Note that there are many other questions already online (on other forums) where it is explained how to colour vectors differently in a plot.
Experienced the same issue. It seem the problem is that by default, chromosome names are not in the form "chr1" etc., but just "1" etc. The solution is to use function snpgdsOption() to redefine your chromosome names to whatever form they are in your vcf file :
snpgdsVCF2GDS(vcf, "ccm.gds", method="copy.num.of.ref", option=snpgdsOption(chr1=1, chr2=2, chr3=3, chr4=4, chr5=5, chr6=6, chr7=7, chr8=8, chr9=9, chr10=10, chr11=11, chr12=12, chr13=13, chr14=14, chr15=15, chr16=16, chr17=17, chr18=18, chr19=19, chr20=20, chr21=21, chr22=22, chrX=23, chrY=24, chrM=25))
Another solution is to add autosome.only=FALSE in snpgdsPCA() - it then takes all your chromosomes whatever their names are.
Thank you - this was very helpful. After struggling with Eigenstrat, I managed to produce a nice graph with this R package. I am relatively new to R and this is my question: Is there a way of labelling the different individuals in order to be able to distinguish the outliers in the graph?
I was able to run the PCA without errors and I got a nice plot. But I want to specify my two populations. How can I create the population file? Or do I need to add this info in the GDS file?
Thanks!
Hi, I found this thread really helpful . My data is grouped in 4 different populations and I managed to get them labelled as such by doing something similar to the following. Following on from Zev's code above....
In a text file, list the group name of each sample in sample.id, one group per line with each line corresponding to the group of the corresponding sample. For example if Sample 1 and 2 in sample.id were in 'Group 1' and Sample 3 - 5 were in 'Group 2', you'd have:
Group1
Group1
Group2
Group2
Group2
Save the file as 'pops.txt' and then:
>pop_code <- scan("pops.txt", what=character())
>cbind( sample.id, pop_code)
>ccm_pca<-snpgdsPCA(genofile, autosome.only=FALSE, num.thread=4)
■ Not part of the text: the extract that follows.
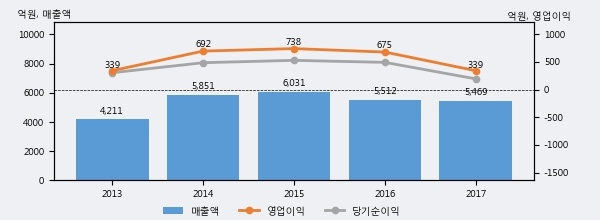 DRB동일의 2017년 매출액은 5469억으로 전년대비 -0.8% 하락했고, 영업이익 역시 339억으로 전년대비 -49.7% 하락했다. 이 회사의 매출액 증감률과 영업이익 증감률은 각각 코스피 하위 26%, 하위 19%에 해당된다.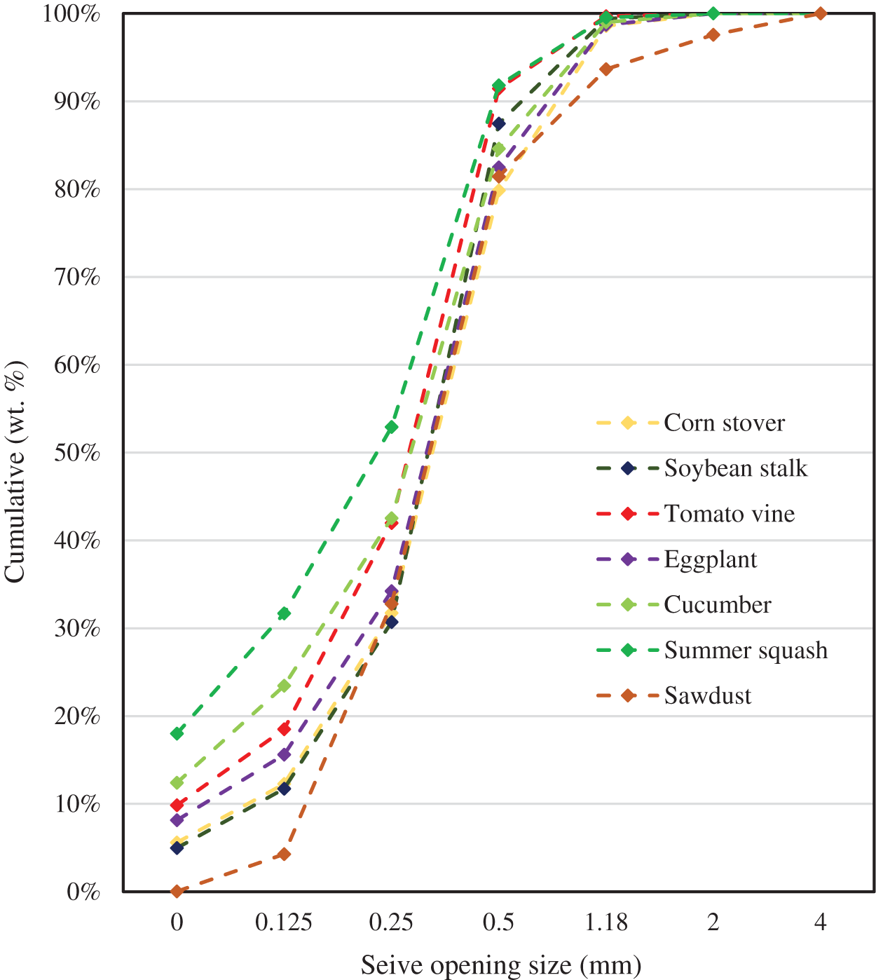 Fig. 5. Cumulative particle size distribution of corn stover, soybean stalk, tomato vine, eggplant, cucumber, summer squash, and sawdust sample according to ANSI/ASAE standard S319.4 (ASAE, 2008b).

>tab <- data.framesample.id = ccm_pca$sample.id,
pop = factor(pop_code)[match(ccm_pca$sample.id, sample.id)],
EV1 = ccm_pca$eigenvect[,1], # the first eigenvector
EV2 = ccm_pca$eigenvect[,2], # the second eigenvector
stringsAsFactors = FALSE)
>plot(tab$EV2, tab$EV1, col=as.integer(tab$pop), xlab="eigenvector 2", ylab="eigenvector 1")
legend("bottomright", legend=levels(tab$pop), pch="o", col=1:nlevels(tab$pop))
SNPRelate is an R package that is able to read from VCF files directly and perform PCA and IBD/IBS. According to the documentation, it runs 10-45x faster than EIGENSTRAT (v3.0) and PLINK (v1.07) respectively.
Update (Oct 2014): The package seems to be moved to GitHub (link)
Neilfws I used a multi-individual Unified Genotyper VCF as an input. I can't quite remember what the error was, but I can remember how I got it to work. See revised post above.
Thanks for that. I had no joy with the VCF; I converted to PLINK bed format using vcftools then used snpgdsBED2GDS() in SNPRelate. That converted to GDS no problem.
which version if R can be ran into?
I got this error:
library("SNPRelate")
Error in library("SNPRelate") : there is no package called ‘SNPRelate’
install.packages("SNPRelate")
Installing package into ‘/Users/ib7/Library/R/3.4/library’
(as ‘lib’ is unspecified)
Warning in install.packages :
package ‘SNPRelate’ is not available (for R version 3.4.2)
I recently developed a brand new pca analysis software MingPCACluster that can go from vcf to pca and graph( (VCF2PCA and figture)). Very fast and low memory, accurate and very precise
### run without pop.info
# ./bin/MingPCACluster -InVCF Khuman.vcf.gz -OutPut OUT
### run with pop.info
./bin/MingPCACluster -InVCF Khuman.vcf.gz -OutPut OUT -InSampleGroup pop.info
Sure! - take a look here: Produce PCA bi-plot for 1000 Genomes Phase III in VCF format
I agree, it would be nice to have a tool that does this. Meanwhile, You could create your own file with values of 0, 1, or 2 for homozygous ref, het, homoz alt. Then it'd be simple to use a standard PCA library to do the reduction.